Here what you can do is during execution make a copy of the excel sheet to another sheet and in the process read that new sheet and loop through it. after getting each row from the excel, delete that row .
So if the internet cutsof, in the retry it will continue with the remaining items in the sheets.
Copy from sheet 1 to sheet2.
Loop through sheet2
After extraction , delete the row.
Hi Rahul and thanks for the response
I’m sorry, maybe I didn’t explain the problem as clearly. For example lets take the first url that is in the excel. Those url’s are in a for each row in data table. He takes the first url, that has almost 800 pages inside of it. Then the extract data table does his job, going through all the pages one by one extracting the required data, but then there’s the internet cutting off thing, that disturbs me. Lets say he goes to X manufacturers url from excel, he manages to go through 80 pages inside of the url and then internet cuts off. The retry scope activity doesn’t continue from the 80’th page, he then yet again goes to the very first page of the X manufacturer and does the procces all over again, when I want him to just refresh the page and continue from the page he got lost.

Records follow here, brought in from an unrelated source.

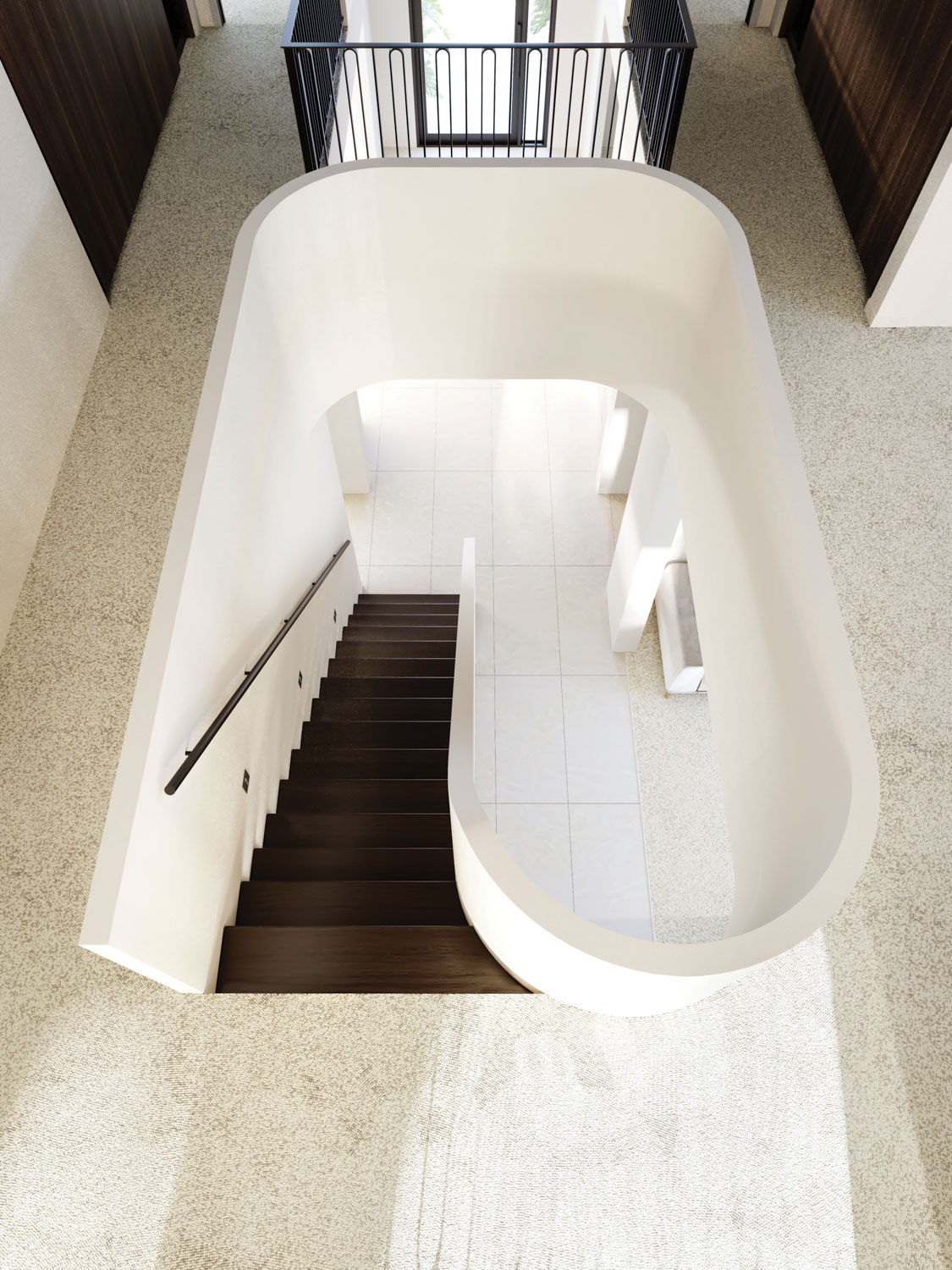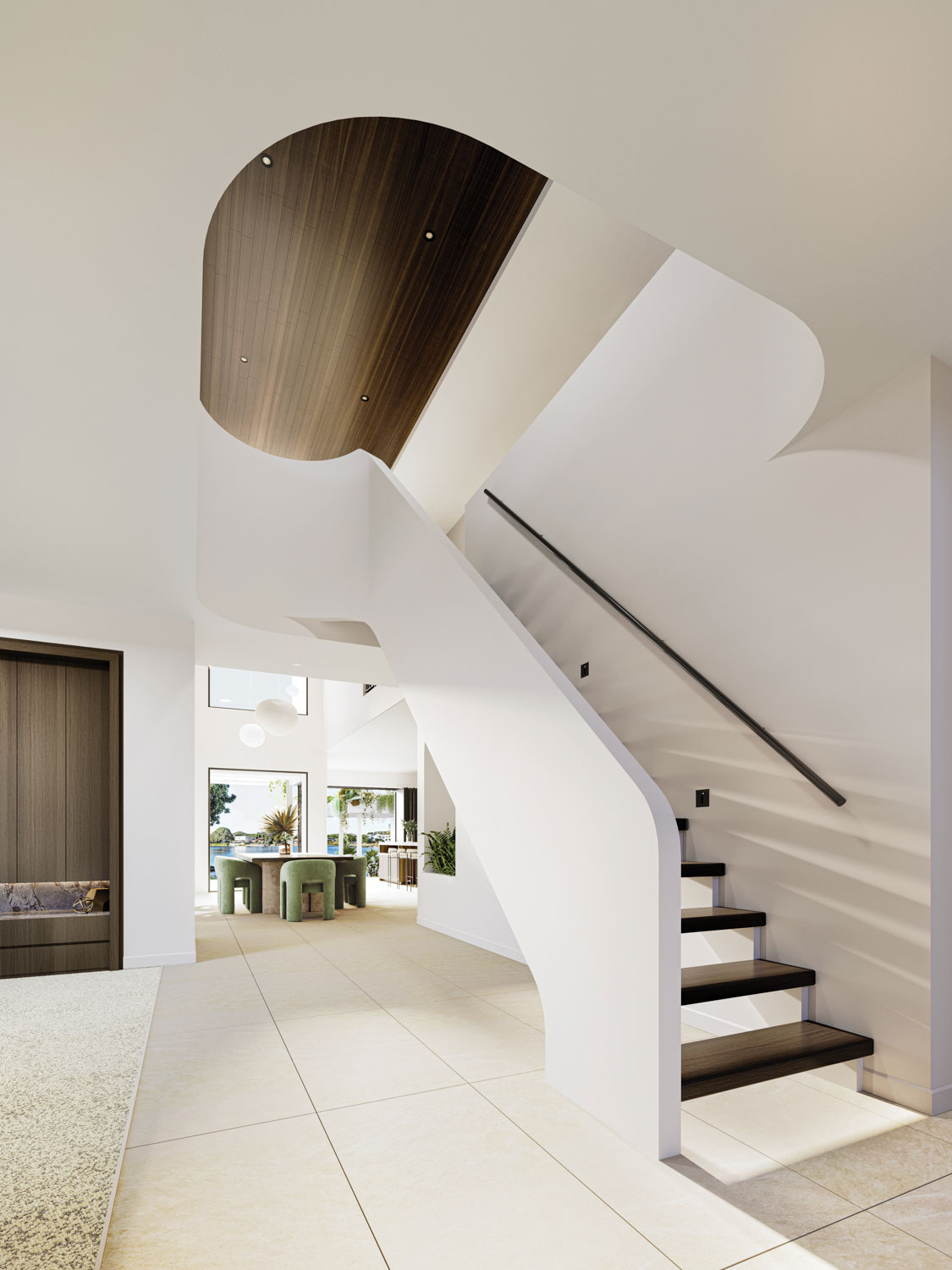 At the heart of the home, a sculptural staircase connects the levels with ease, echoing arched windows and rounded walkways to create visual continuity. Living, dining, and kitchen areas flow seamlessly into outdoor entertaining spaces, embracing the Australian love of indoor-outdoor living.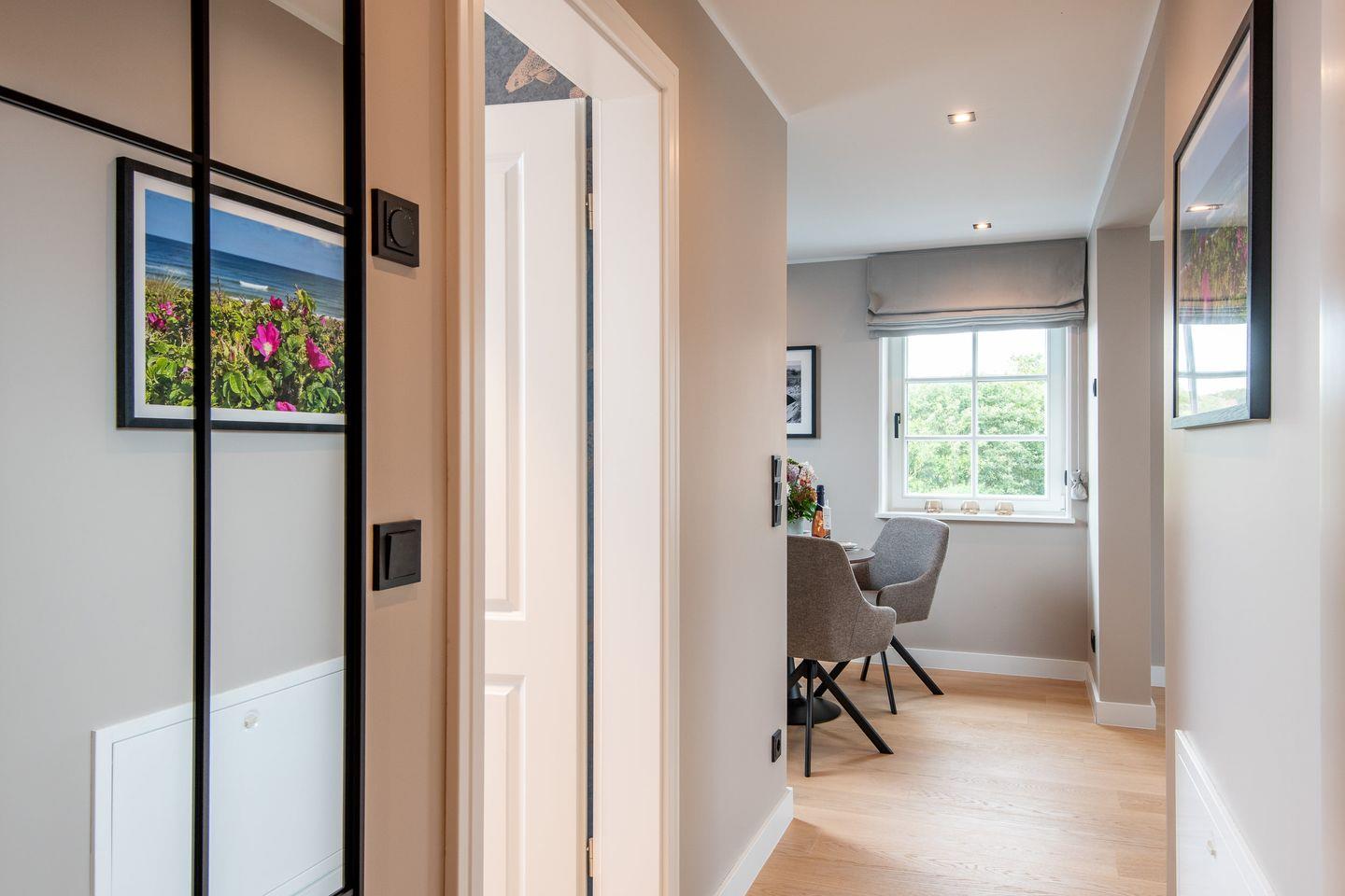 Das separate Schlafzimmer mit einem bequemen Boxspringbett garantiert erholsame Nächte. Die ruhige Atmosphäre sorgt für Entspannung nach einem Tag voller Inselerlebnisse. Für Ihre Kleidung steht Ihnen ein Einbauschrank im Nebenraum zur Verfügung.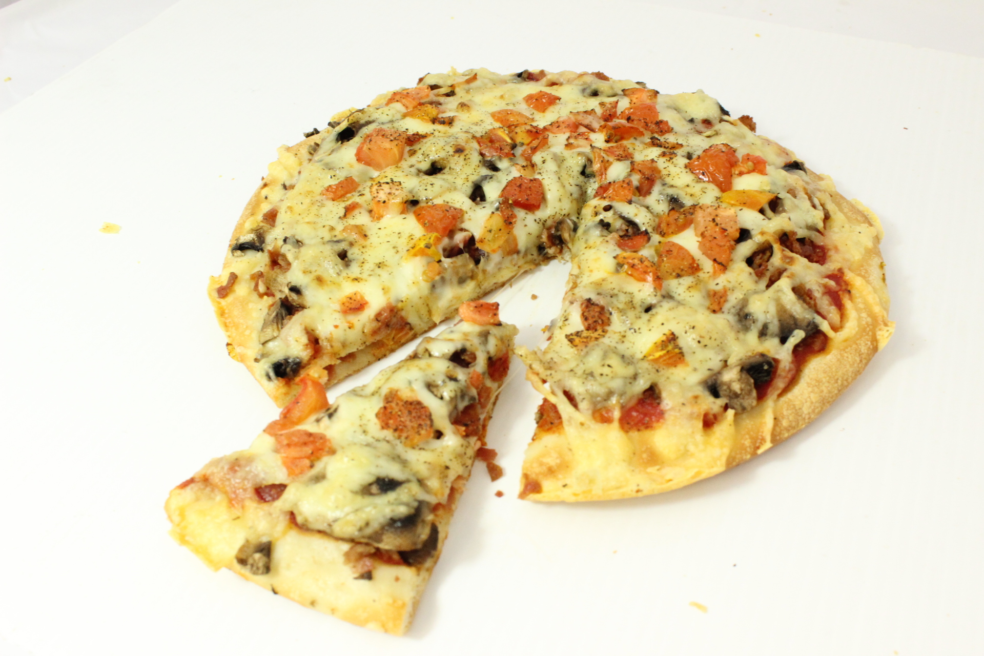 Description: Our light and crisp 10" original crust, 100% real mozzarella cheese, sun ripened tomato sauce, thick cut mushrooms, diced tomatoes, crumbled bacon, black pepper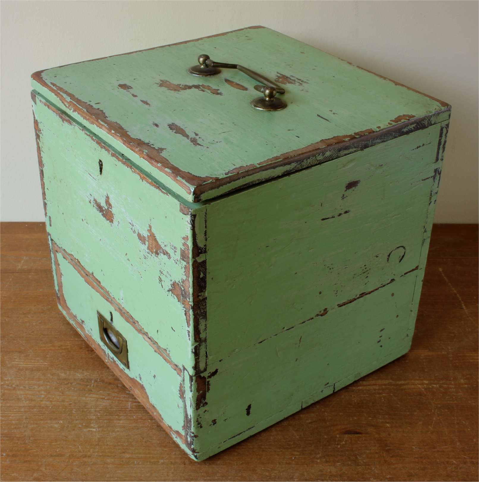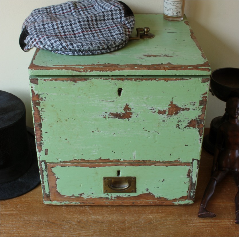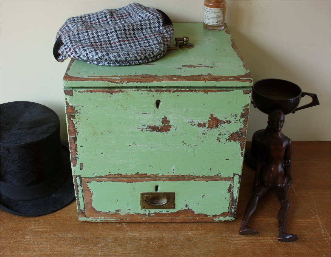 This Victorian cabinet is nicely made with a hinged lift up lid which is fitted with metal hinges and brass handle, lower drawer has a brass folding handle and the drawer sliding in and out well. The box sits on four metal stud feet and two brass locks are fitted to the box but we do not have the keys.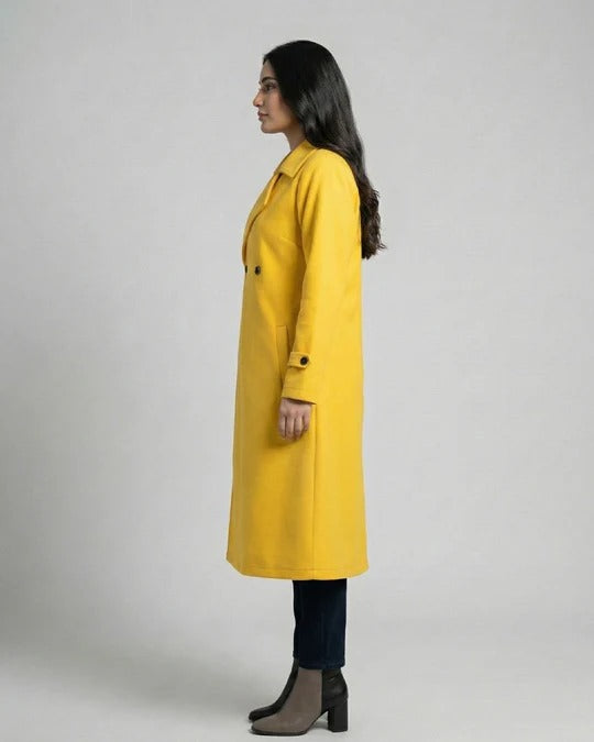 Its bold mustard yellow color adds a stylish pop to neutral winter looks, making it a standout piece for women who love confident, elegant fashion.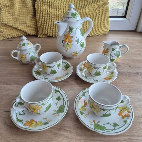 Villeroy & Boch Wildrose kaffesæt, 12 dele, håndmalet, 1. kvalitet, produceret i Vesttyskland i 1970–1980, inklusive kande med låg, varmer, mælkekande, sukkerkrukke med låg, fire kaffekopper og fire underskåler, fremragende stand med minimale brugsspor. Klik på den blå "gå til varen" knap, for at købe eller byde på denne vare. Den samlede pris vil blive vist inden du afgiver dit bud.

Then can you try with a counter variable. For each page increase the counter variable. Incase if internet gets reconnected, variable will be having the last pagenumber extracted. Then loop till that variable (That is the page number) and continue the extraction.
I hope this approach you can do.
Thanks yet again Rahul, but I can’t procces this for now, i’m somewhat of a begginer. Is it possible for you to give me some examples? Thanks!